The practitioner of literate programming can be regarded as an essayist, whose main concern is with exposition and excellence of style. Such an author, with thesaurus in hand, chooses the names of variables carefully and explains what each variable means. He or she strives for a program that is comprehensible because its concepts have been introduced in an order that is best for human understanding, using a mixture of formal and informal methods that reinforce each other.
- Donald Knuth, "Literate Programming" (1984)
I have great affinity for this way of viewing software development. Software design has more in common with the composition of an essay than any strictly scientific activity. I think it's an accident of history that programming is placed within engineering faculties rather than being understood as an outgrowth of philosophy and formal logic.
Literate programming acknowledges software development's place among the humanities.

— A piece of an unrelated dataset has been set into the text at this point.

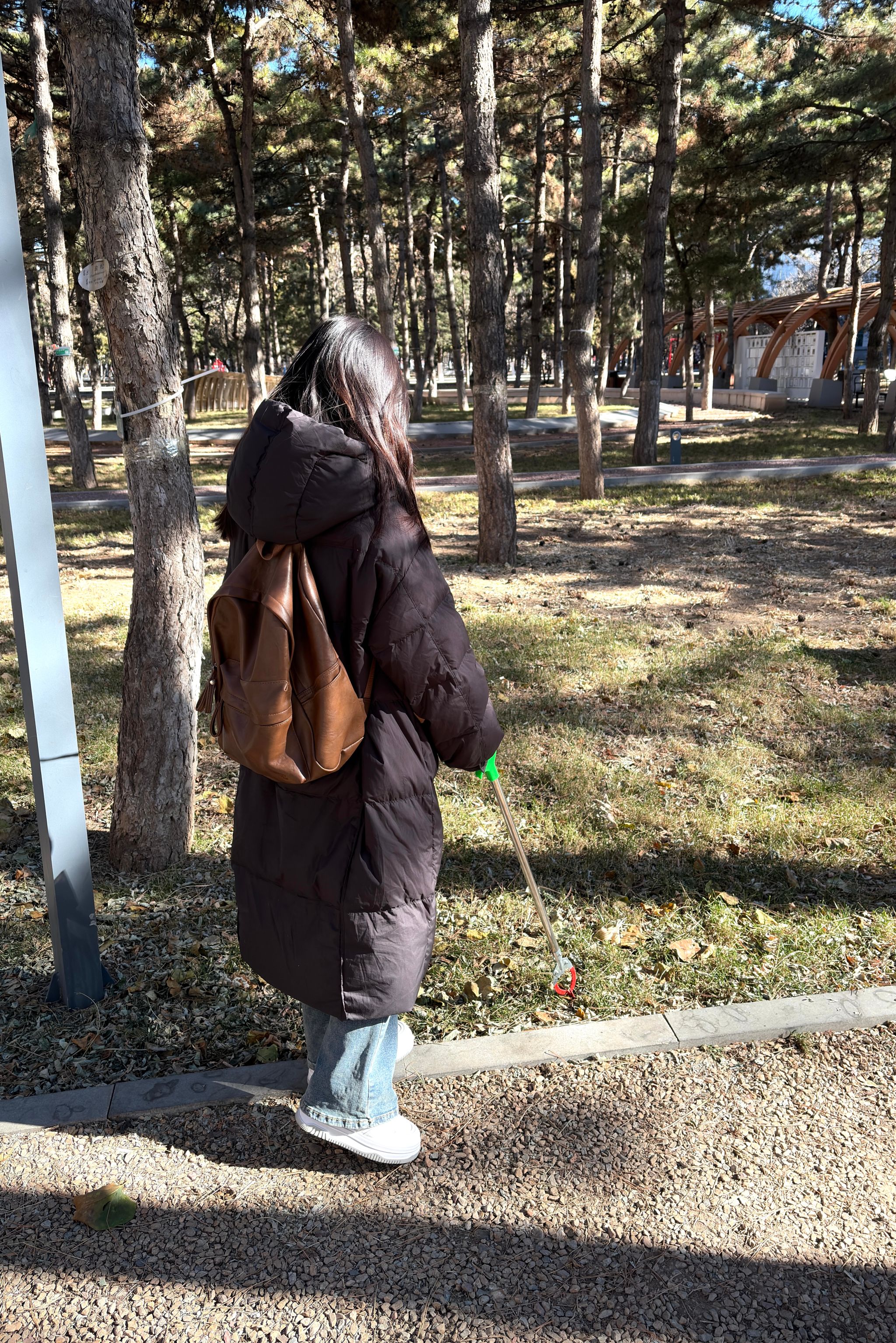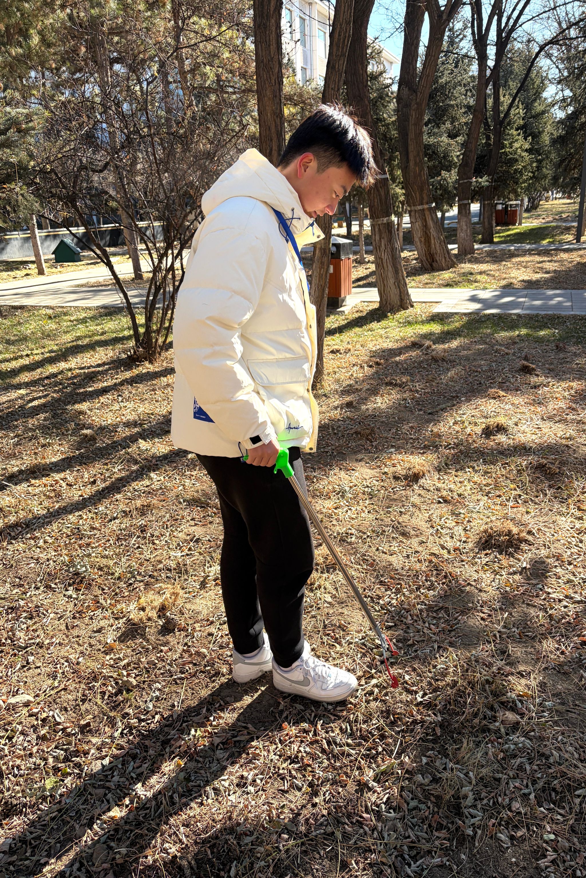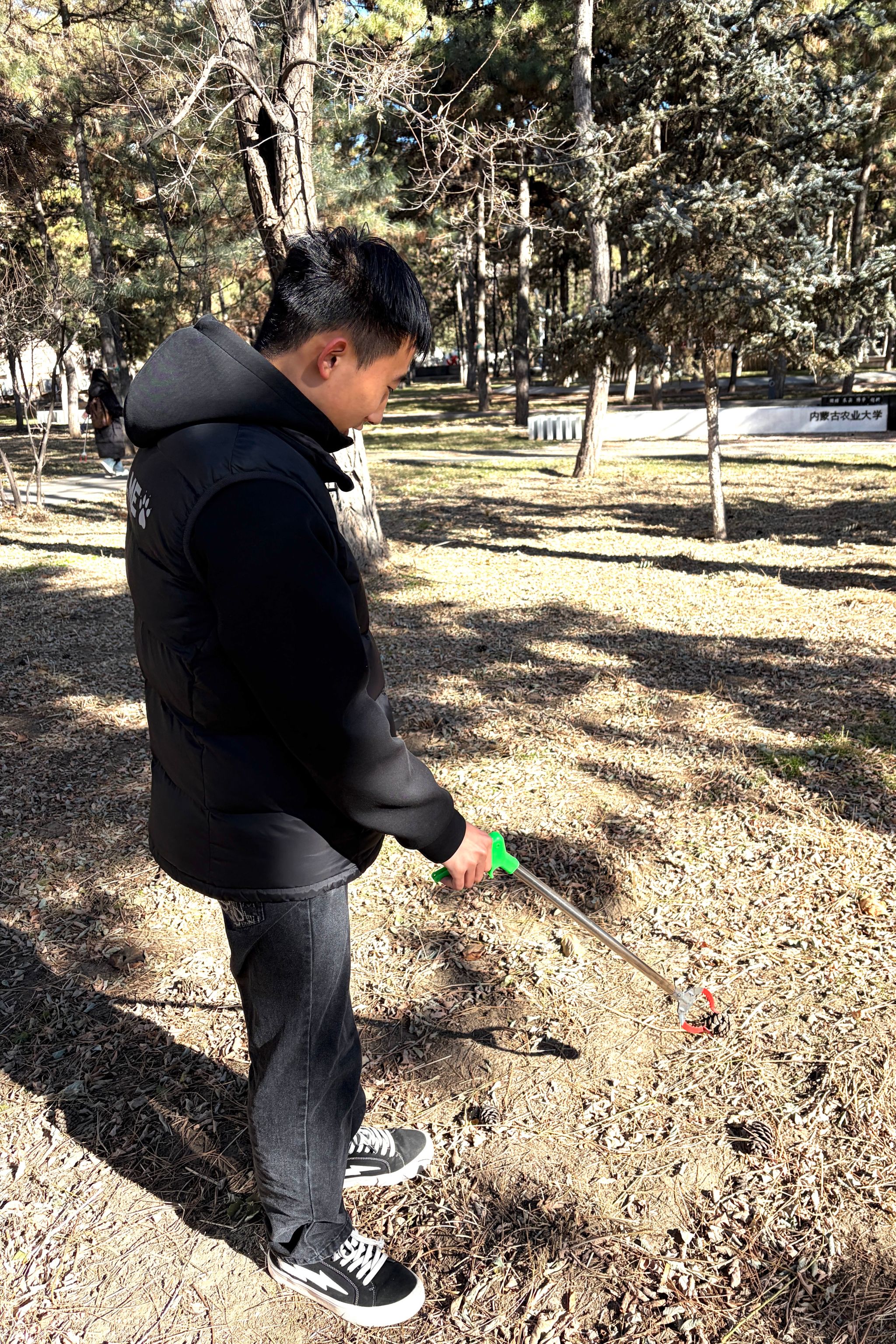 各位志愿者提前在农学院前集合,领取劳动工具。活动迅速开展,各位同学互相配合,无论是林荫小道上的碎纸,凉亭处桌椅上的垃圾,还是角落里的塑料垃圾都被志愿者们清理干净。经过志愿者们的忙碌清扫,校友林重返整洁,卫生环境有了切实改善。志愿者们不畏寒风,始终保持高涨的劳动热情,在校友林中细致地完成清扫活动。

By extension, it acknowledges the relevence of non-scientific ideas to the process of cutting code. Our craft requires the creative and disciplined presentation of thought, so we would be foolhardy to ignore thousands of years of the history of ideas. Programming does not exist inside a vaccuum. Neither should the programmer.
I am not trying to argue that programmers do not need a firm grasp of science. But good programmers cannot rely solely on scientific concepts if they wish their code to be comprehensible to their peers (or future selves).
In the spirit of literate programming I will use this blog to explore software development and its interplay with literature, philosophy, politics and mathematics.